First, run `bash mount_nvme.sh` to mount the NVMe drives on the GPU nodes in the cluster. This has to be done once.

Next, run `bash example.sh` to fine-tune the `facebook/opt-125m` model on `alllines.txt` (all Shakespeare plays). Models up to `opt-66b` have been tested, but they may require GPU nodes with more RAM for DeepSpeed offload & model saving and/or lower batch size to avoid CUDA OOMs. The model checkpoints will be uploaded to S3.

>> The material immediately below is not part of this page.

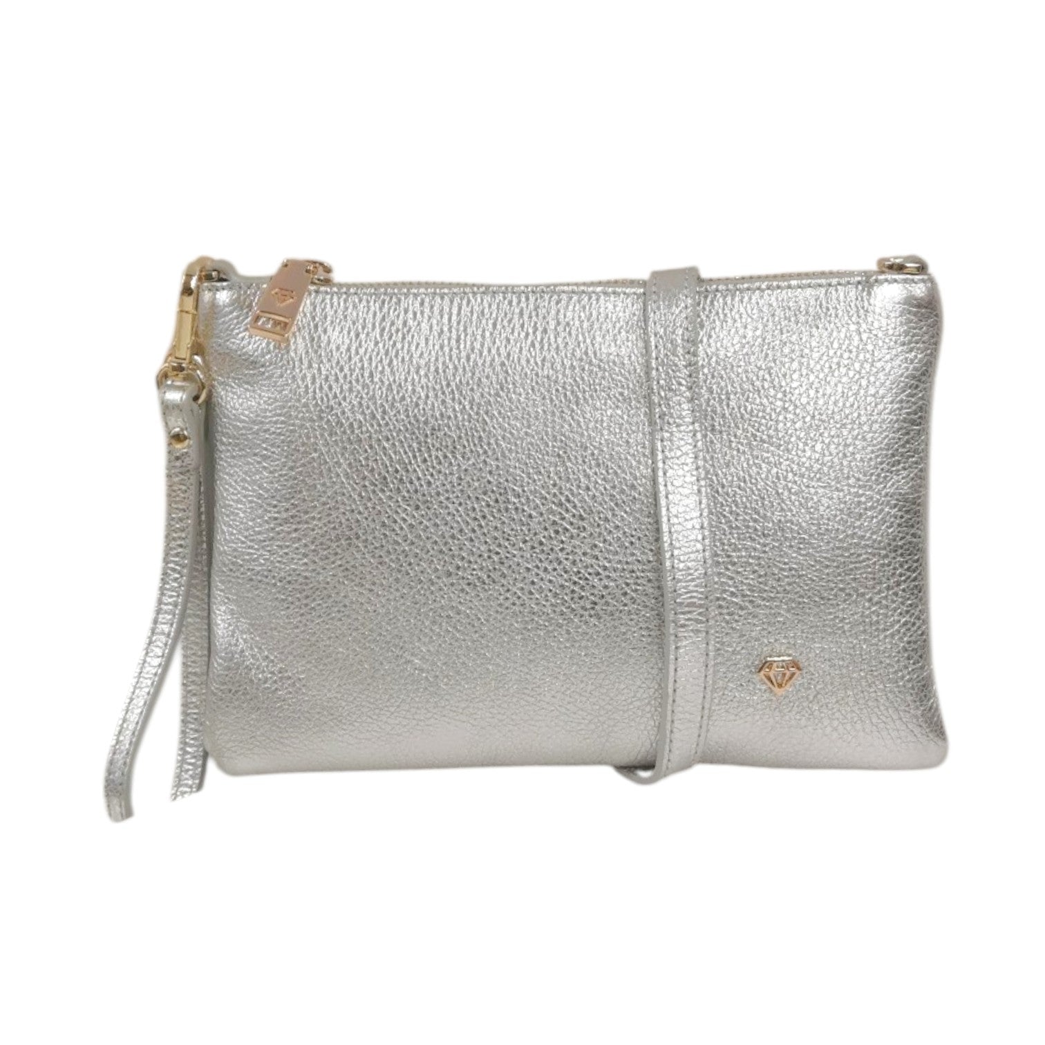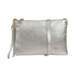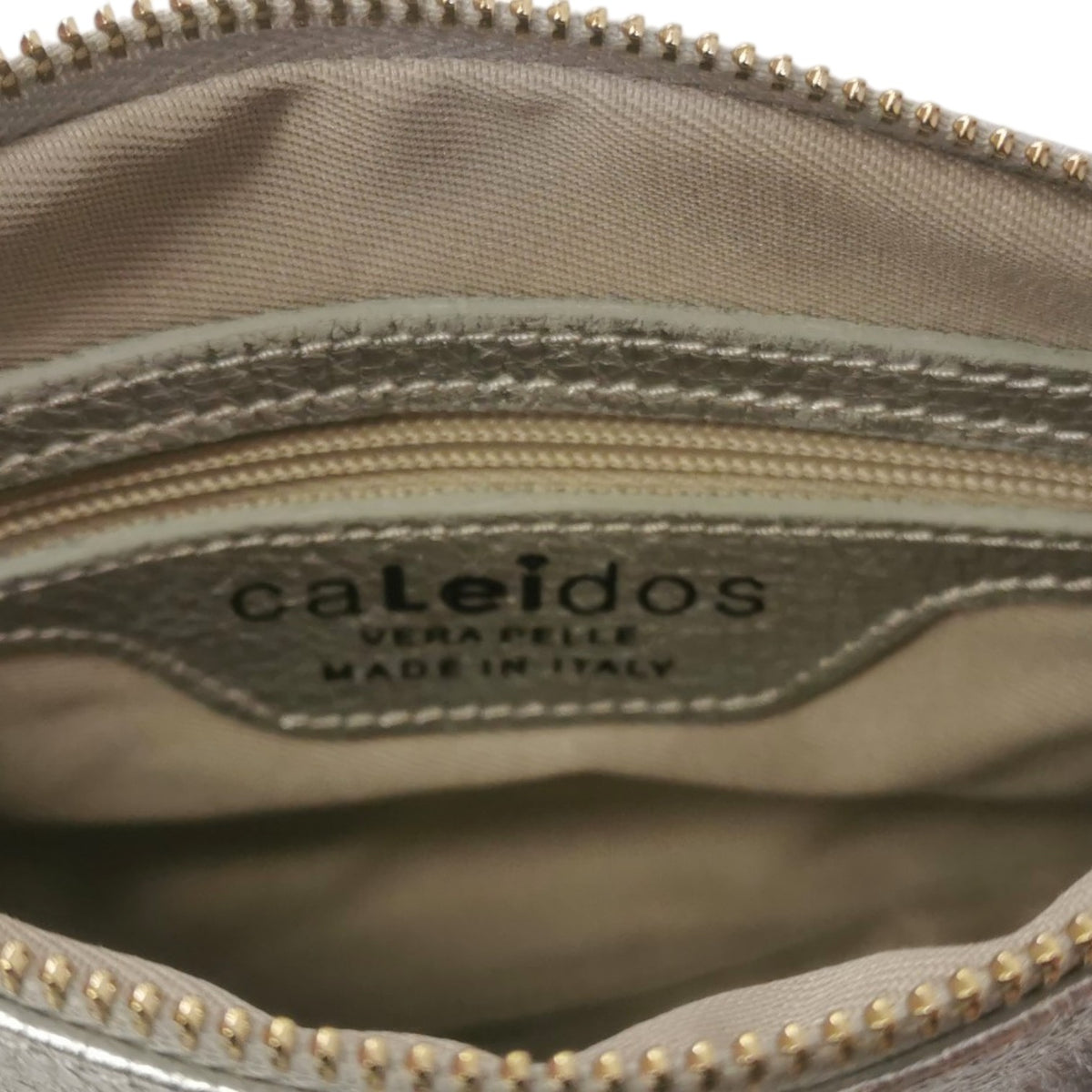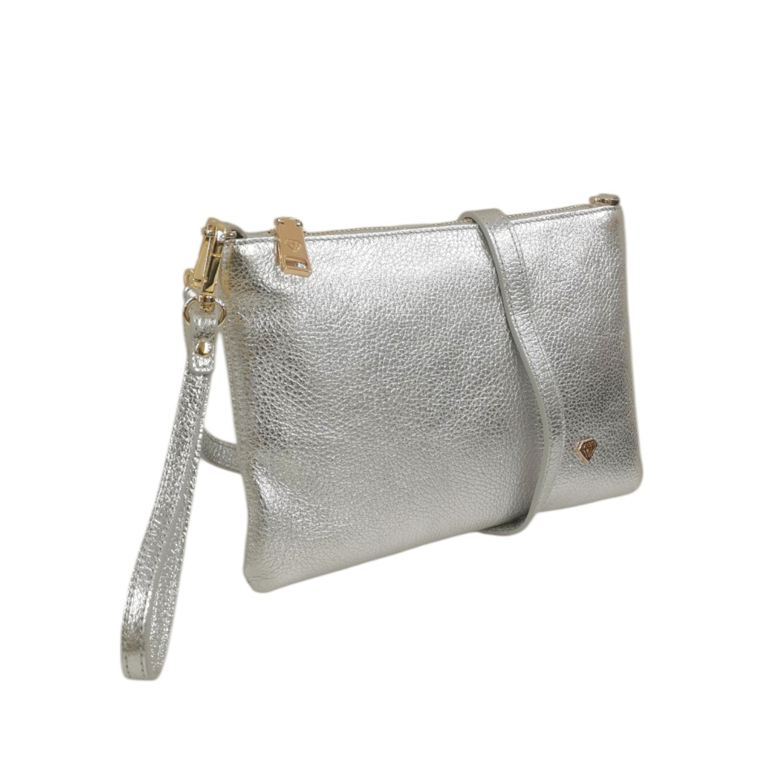 Caleidos Pochette Donna in Pelle Argento con Tracolla e Polsino e Logo Laterale
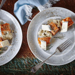 Croquettes de fromage, purée d'oignons caramélisés, bacon et pomme

WARNING: Ray Train checkpointing will cause OOMs with very large checkpoints (from models with >20b parameters). We are working on a fix but for now make sure that no checkpoint is reported in `session.report`. Furthermore, DeepSpeed will require a substantial amount of RAM to save the final checkpoint, as it will gather weights from all partitions onto one node. It is recommended to use large instances, eg. g5.48xlarge when training with `opt-66b` or similar.